Who? A man with a thing for scrawny chicks with fading bruises? Gazes followed her as she circled the bar, customers probably wondering who the hell had let her into the swank establishment. If they knew she’d ducked in behind two tall blondes while the bouncer checked their identification, outrage would abound. How dare this imposter breach the inner sanctum?

Lita’s chin went up with that last thought. She wasn’t the imposter. They were. The privileged corporate slaves she’d laughed about with her bandmates, back when she’d had a band. Back when she’d had people who cared. If she hadn’t chosen a man over those friends, they might still be there, too. Then she wouldn’t be in the Beverly Wilshire trolling for someone who’d let her share his clean, fluffy hotel bed for the night. Maybe let her take a shower and share a plate of French fries.

At the thought of salty, savory goodness, Lita’s stomach rumbled loud enough to draw the attention of a group of men. Men in ties. Men that didn’t live in her world. Still, she sent them an inviting smile, praying her sparkly, thrift shop miniskirt looked better in the near dark than it had on the rack.

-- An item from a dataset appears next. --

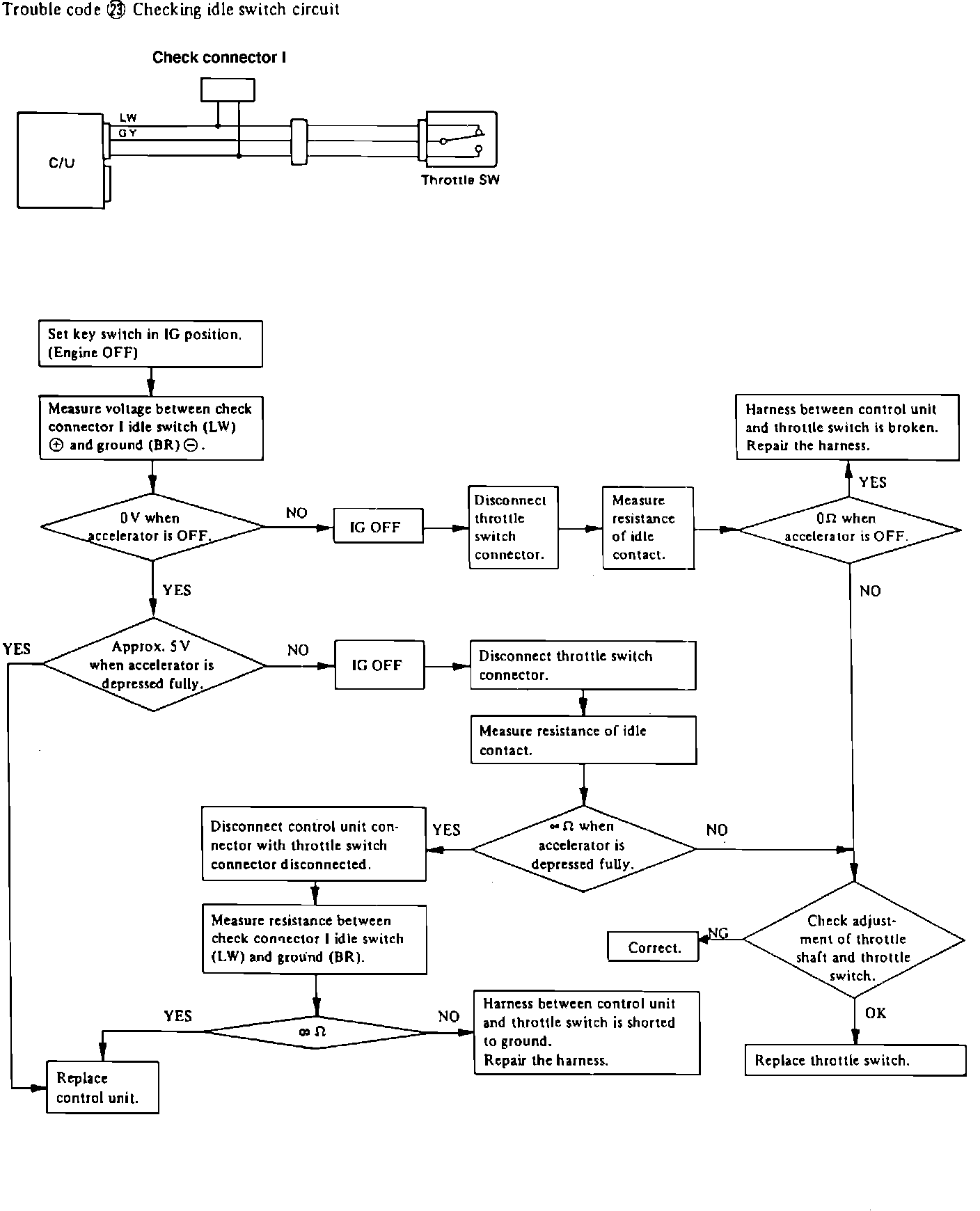 Fig.11 EGI system troubleshooting chart. Trouble code 23. Checking idle switch circuit.:

The words, please, I’m hungry, were burning on her tongue, but she couldn’t just say that, could she? They would alert security or turn their backs, muttering about the lack of decent drinking establishments for professionals such as themselves. Before they finished their drinks, she would be an afterthought.

One of the men—he wore a blue button-down shirt and ruby red tie—checked her legs out, his expression relaying interest. He nudged his friend with an elbow and Lita stood there, stomach twisting, as the four of them looked her up and down. A polar blast swept over her skin, far cooler than the air conditioning. No. This wasn’t what she’d envisioned, but could see now that she’d been wearing rose-colored glasses, even after being chewed up and spit out on the curb of life. After everything, she was still na?ve. Still an optimist.

How fucking sad.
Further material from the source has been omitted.